Voy a escribir desde los años de la certidumbre, como si ello hubiese sido tan natural que no daba cabida a duda alguna. Hablo de los años 70 y 80. También lo hago desde un lugar que me catapultaría seguramente al espacio laboral que creía merecer. Con el tiempo y las aguas el abanico se abría aún más: crecía una clase media ávida de asensos y reconocimientos y de la justa ocupación de espacios de representatividad pública. Aparejado a ello, la ampliación de una oferta de estudios de especialización y sub-especialización una más atractiva que otra, creaba fantasías exhorbitantes en las jóvenes mentes. Y… a la vuelta del siglo tener un título literalmente suponía un billete al cielo. Nadie parecía percatarse que esta misma oferta intensamente diversificada era parte de un crecimiento –no del mercado laboral- sino del mercado del capital.
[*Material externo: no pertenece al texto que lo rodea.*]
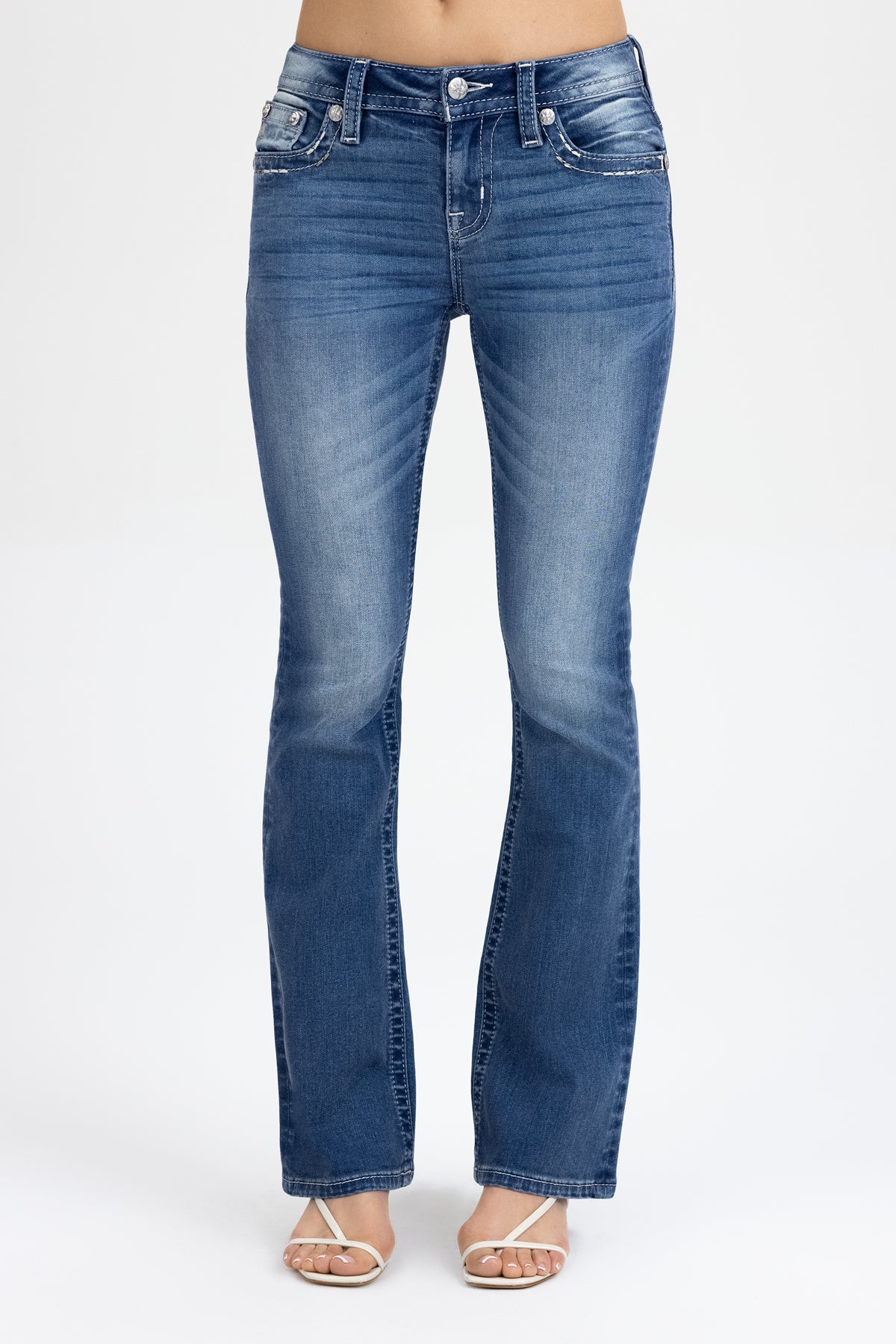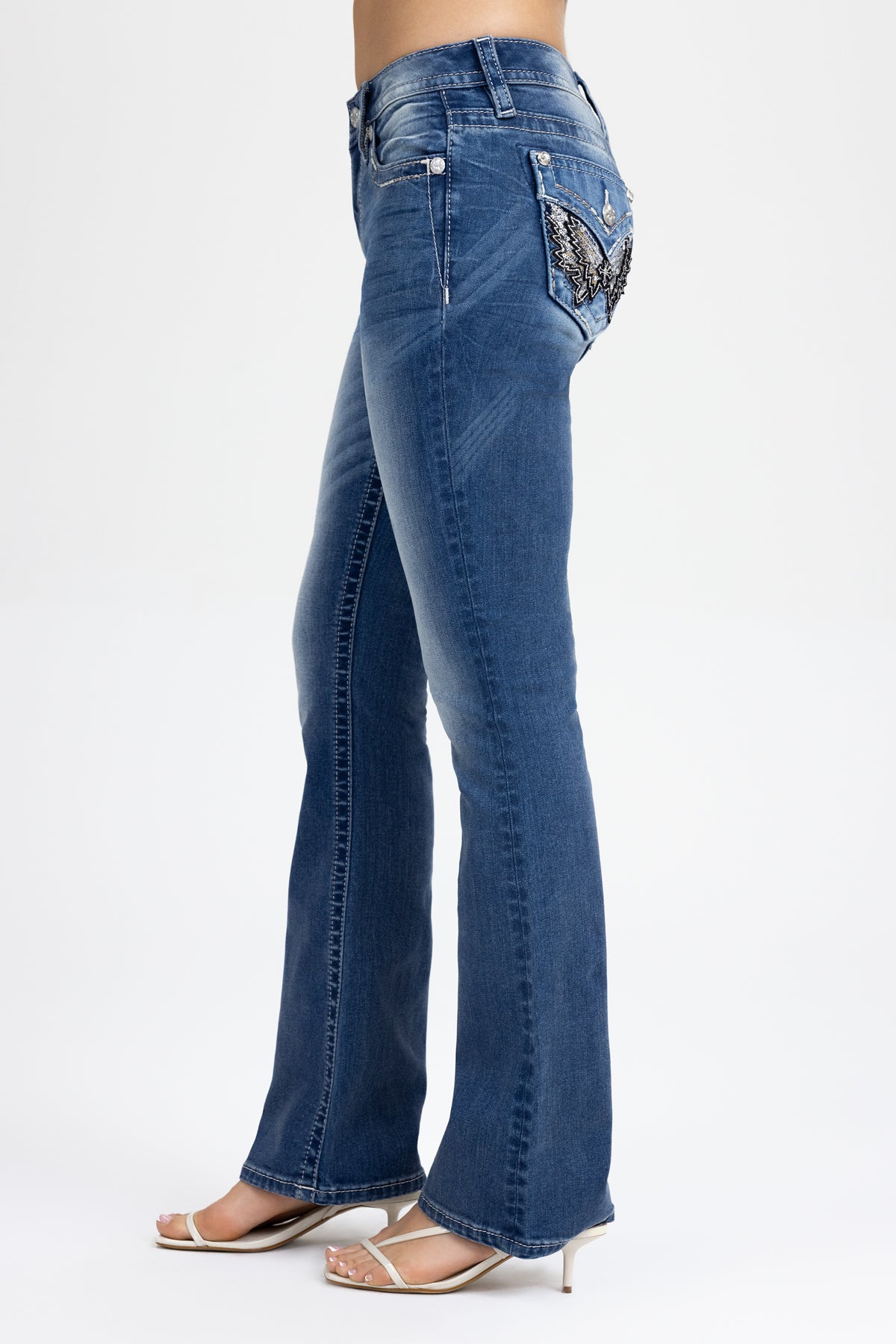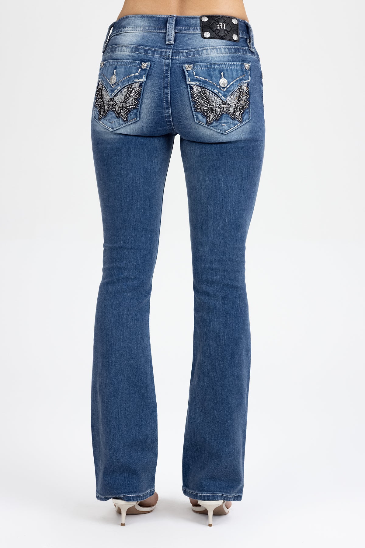 Washed finish, mid-rise bootcut jeans – Embroidered leather appliqué winged cross design – Spiral and saddle-stitched detailing – Sequin and rhinestone rivet accents – Embossed black studded leather cross Miss Me brand patch – Whiskering details – Functional back pockets – 5-pocket design Model is wearing size: 25 Model Measurements: Height: 5’8″ Bust: 32B Waist: 25″ Hips: 35″ Fabric Content: 93% Cotton, 6% Polyester, 1% Elastane Care: Gentle machine wash inside-out with like colors in cold water. Tumble dry low. Style No. M3080B86L-M1092, M3080B86S-M1092, M3080B86V-M1092
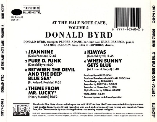 Donald Byrd - At The Half Note Cafe • Volume 2 - US CD 1987 - VG+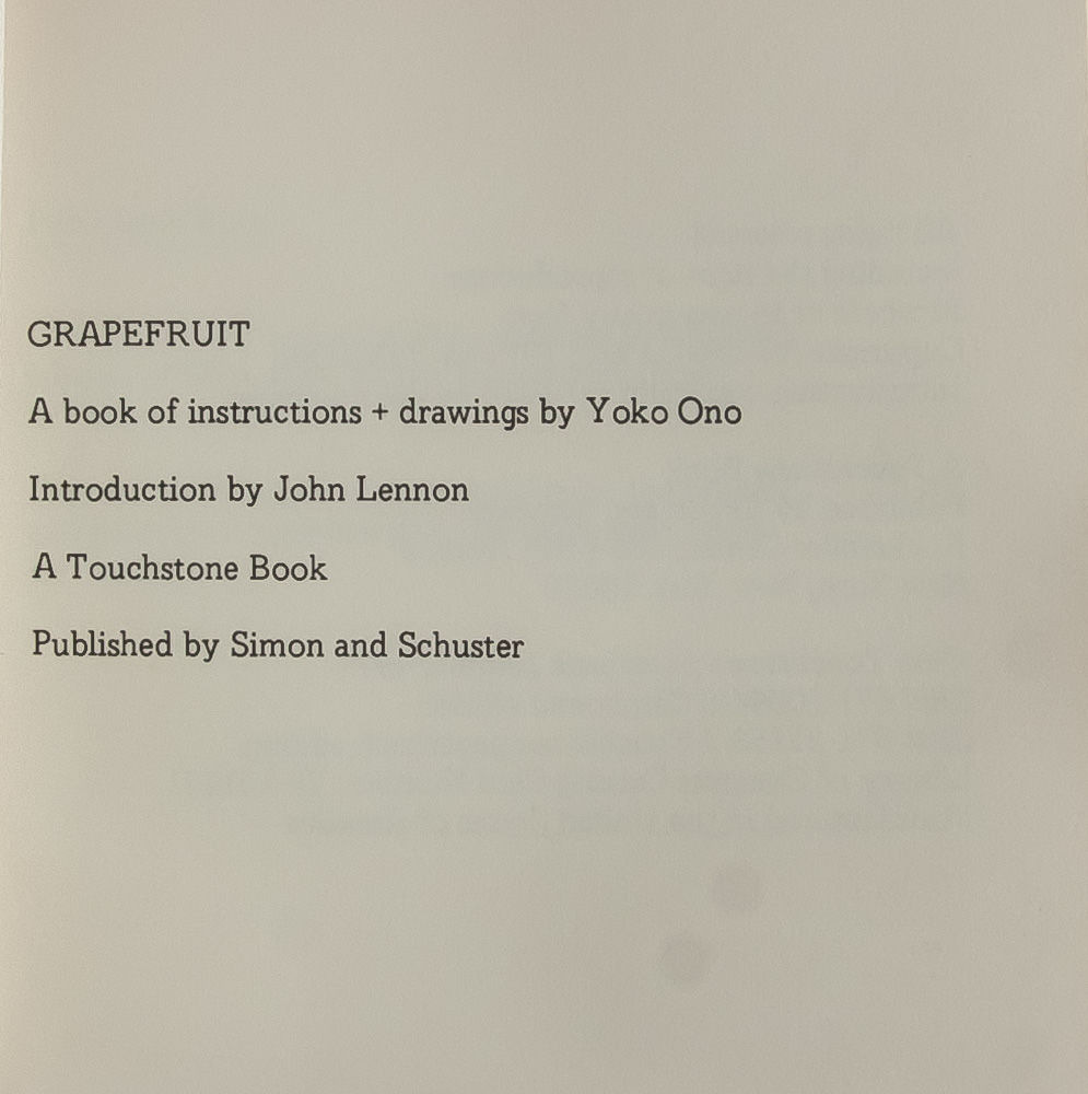 "The original Grapefruit is split into five sections - Music, Painting, Event, Poetry, Object -- with each page offering a conceptual direction for work yet to be created...After Ono married John Lennon, Simon & Schuster published a new edition of Grapefruit, though this version included some editorial revisions and additions -- the most prominent among the latter being a short foreword authored by Lennon" (The New Yorker). This artist's book earned and has maintained fame as an early example of conceptual art, making her a predecessor to men like Kosuth and Weiner, who popularized the approach. A lovely copy, inscribed mysteriously to "Paul" (we assume not McCartney). Near Fine.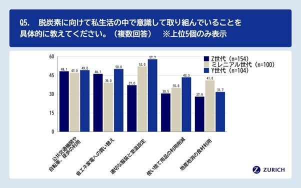Q4で「ある」と回答した方に、「Q5.脱炭素に向けて私生活の中で意識して取り組んでいることを具体的に教えてください。(複数回答)」と質問したところ、Z世代(n=154)は「公共交通機関や自転車、徒歩の利用」が48.1%、「省エネ家電への買い替え」が46.1%、ミレニアル世代(n=100)は「適切な服装と室温設定」が52.0%、「公共交通機関や自転車、徒歩の利用」が47.0%、Y世代(n=104)は「適切な服装と室温設定」が57.7%、「省エネ家電への買い替え」が50.0%という回答となりました。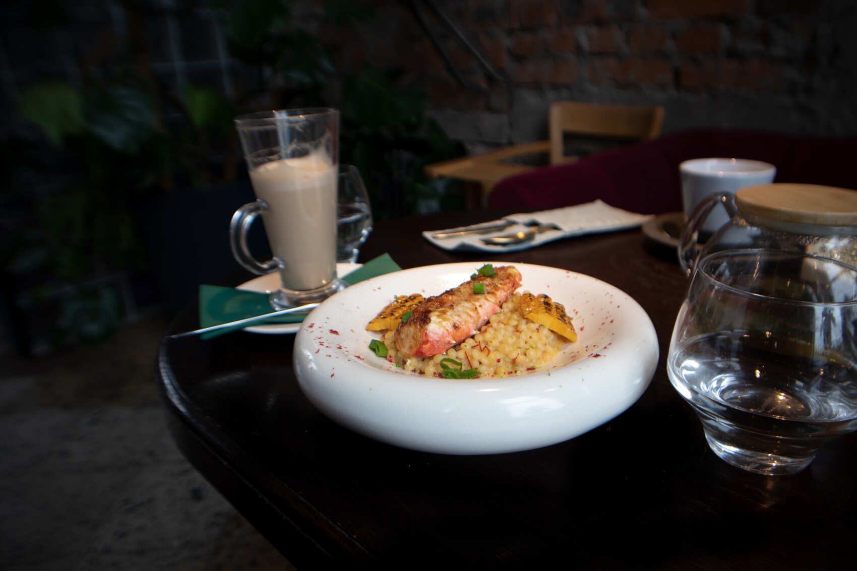 Меню: смореброд с крабом и сырным кремом, суп Териберского рыбака, гребешки, морковный крем, соус понзу, лавандовый крем-брюле с маринованной черникой, чай.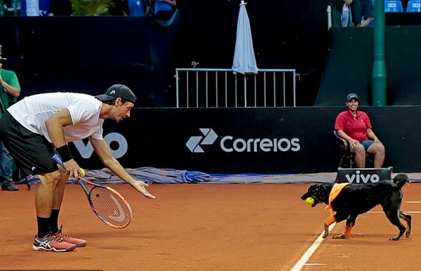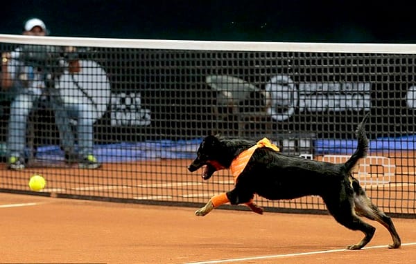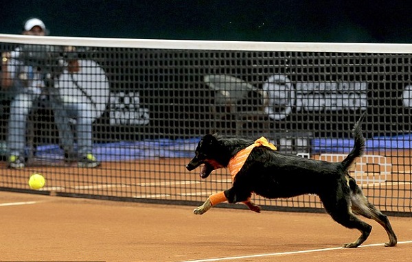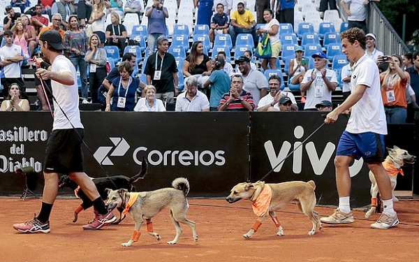 日前在巴西聖保羅舉行的網球公開賽,一場由西班牙球員對葡萄牙選手的賽場上,出現了令人驚訝的景象,4隻收容所裡的浪犬弗瑞達(Frida)、卡斯托(Costela)、梅爾(Mel)和伊莎貝爾(Isabelle),竟然擔任球僮,為選手揀球。

Se vendían carreras como vender zapatos o tuercas. Las maestrías bajaron de dos y tres años a 9 meses. La calidad de la educación desmejoró ostensiblemente; se trataba de crear en poco tiempo y a bajos costes, personas listas para entrar de manera “profesional” a un mercado que demandaba velocidad y “pertinencia”. El proceso de reflexionar y debatir no iba acorde con los nuevos tiempos; más que aprender a resolver con creatividad y ética, se requería el “hacer”, ejecutar bajo los parámetros de un mercado uniformizante, a costa de lo que fuese.
Lo más irónico de todo fue constatar que en nuestro propio país el correísmo pretendió imponer un modelo aún más perverso. Todos debíamos obligatoriamente obtener un doctorado si queríamos estar vinculados a la academia o incluso ocupar algún cargo público. Se dieron becas a diestra y siniestra. Paralelamente se debilitó la educación técnica; nos quedamos sin profesionales plomeros, electricistas o topógrafos. Unos porque habían tenido que emigrar; otros, no tenían donde formarse. Se forjó un nuevo imaginario: la munificencia del “doctor”. Las universidades -acorde a la demanda- ajustaron tiempos y contenidos a esta nueva clase que deseaba ante todo un vacío diploma de acreditación. A partir de ello, el diluvio…
Hasta hace poco, la actual generación de entre los 18 y 30 años aún abrigaba el deseo de estudiar, especializarse, subespecializarse y obtener un trabajo de remuneración acorde a su esfuerzo e inversión. Tras los meses de pandemia y la agudización de la crisis esto se ha ido al traste. ¿Reinventarse y ser resiliente? Si, retóricamente aceptable, pero no se han formulado aún políticas públicas para no dejar morir esta emprendedora generación de inanición y desesperanza. Es la tarea urgente de los nuevos gobernantes. Es parte de la reactivación humana y económica de nuestro país y debemos exigir que los candidatos tengan lista una propuesta.